Segment Open

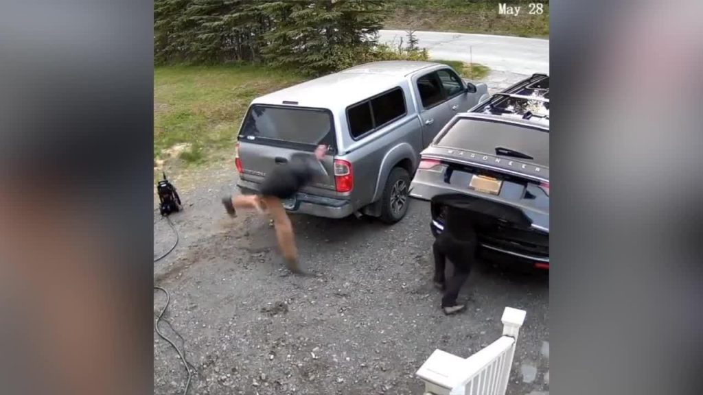 Kamēr vīrs darbojies ap savām lietām, tikmēr sieva automašīnas bagāžniekā centās salikt vairākas kastes, taču viņai tas neizdevās, jo pār viņas galvu lēnām sāka aizvērties auto bagāžnieka durvis.
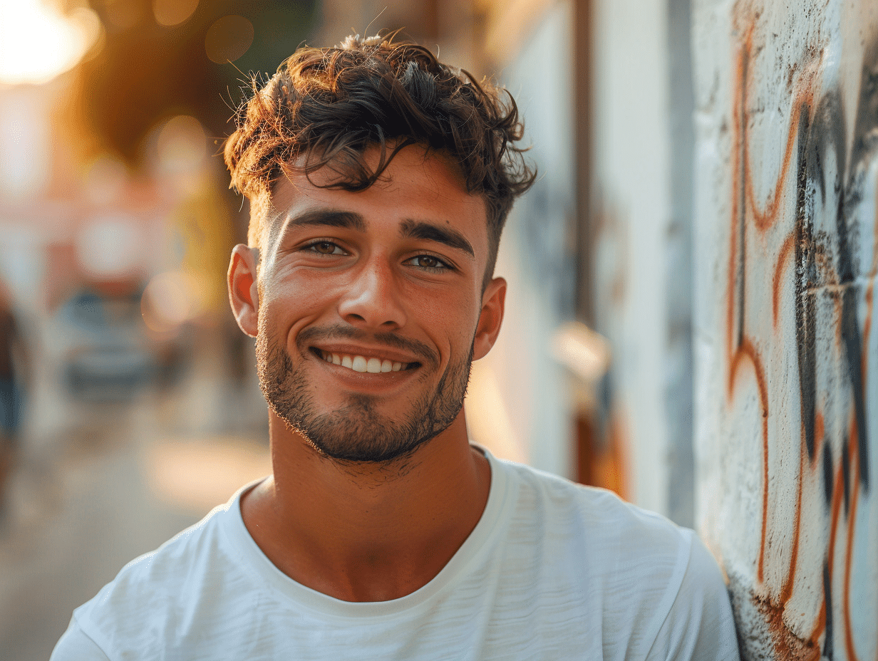 Le dégradé à blanc est une variante particulièrement populaire, où les cheveux sont rasés très courts sur les côtés et à l’arrière, créant un contraste net avec le dessus plus long. Cette coupe, aussi connue sous le nom de buzz cut, est prisée pour son entretien facile et son esthétique moderne.
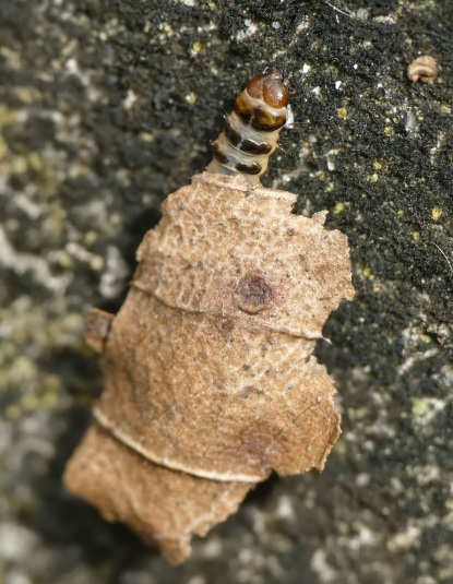 初夏の雑木林でよく見かける愛らしい蛾。小さい体に触角がやたらと長くて目立つ。この触角を立てながらヒラヒラと飛ぶ姿は印象的だ。本種もメス=写真はこちら=は触角があまり長くない。画像下は幼虫と思われる芋虫。ケースは平べったくミノガの形とは異なる。最も頻繁に見られるホソオビヒゲナガと推定したが、正確な種名はよく分からない。
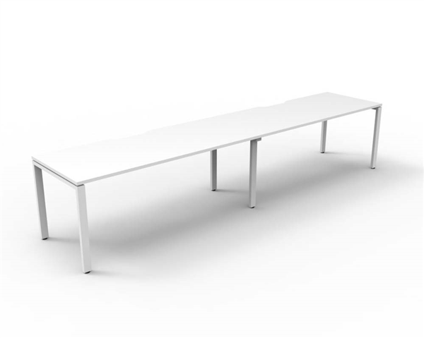 Available in a variety of configurations as straight benches or corner workstations in rows or pods to suit your office space Deluxe Rapid Infinity 2 Person Single Sided Workstation - No Screen Dual Cross Bar For Added Stability E1 Enviroboard Melamine Worksurface Adjustable Levelling Feet

Segment Closed

Give back the whole listing as it stands, minus its pictures.

Solution for this exercise.
 Kamēr vīrs darbojies ap savām lietām, tikmēr sieva automašīnas bagāžniekā centās salikt vairākas kastes, taču viņai tas neizdevās, jo pār viņas galvu lēnām sāka aizvērties auto bagāžnieka durvis.
 Le dégradé à blanc est une variante particulièrement populaire, où les cheveux sont rasés très courts sur les côtés et à l’arrière, créant un contraste net avec le dessus plus long. Cette coupe, aussi connue sous le nom de buzz cut, est prisée pour son entretien facile et son esthétique moderne.
 初夏の雑木林でよく見かける愛らしい蛾。小さい体に触角がやたらと長くて目立つ。この触角を立てながらヒラヒラと飛ぶ姿は印象的だ。本種もメス=写真はこちら=は触角があまり長くない。画像下は幼虫と思われる芋虫。ケースは平べったくミノガの形とは異なる。最も頻繁に見られるホソオビヒゲナガと推定したが、正確な種名はよく分からない。
 Available in a variety of configurations as straight benches or corner workstations in rows or pods to suit your office space Deluxe Rapid Infinity 2 Person Single Sided Workstation - No Screen Dual Cross Bar For Added Stability E1 Enviroboard Melamine Worksurface Adjustable Levelling Feet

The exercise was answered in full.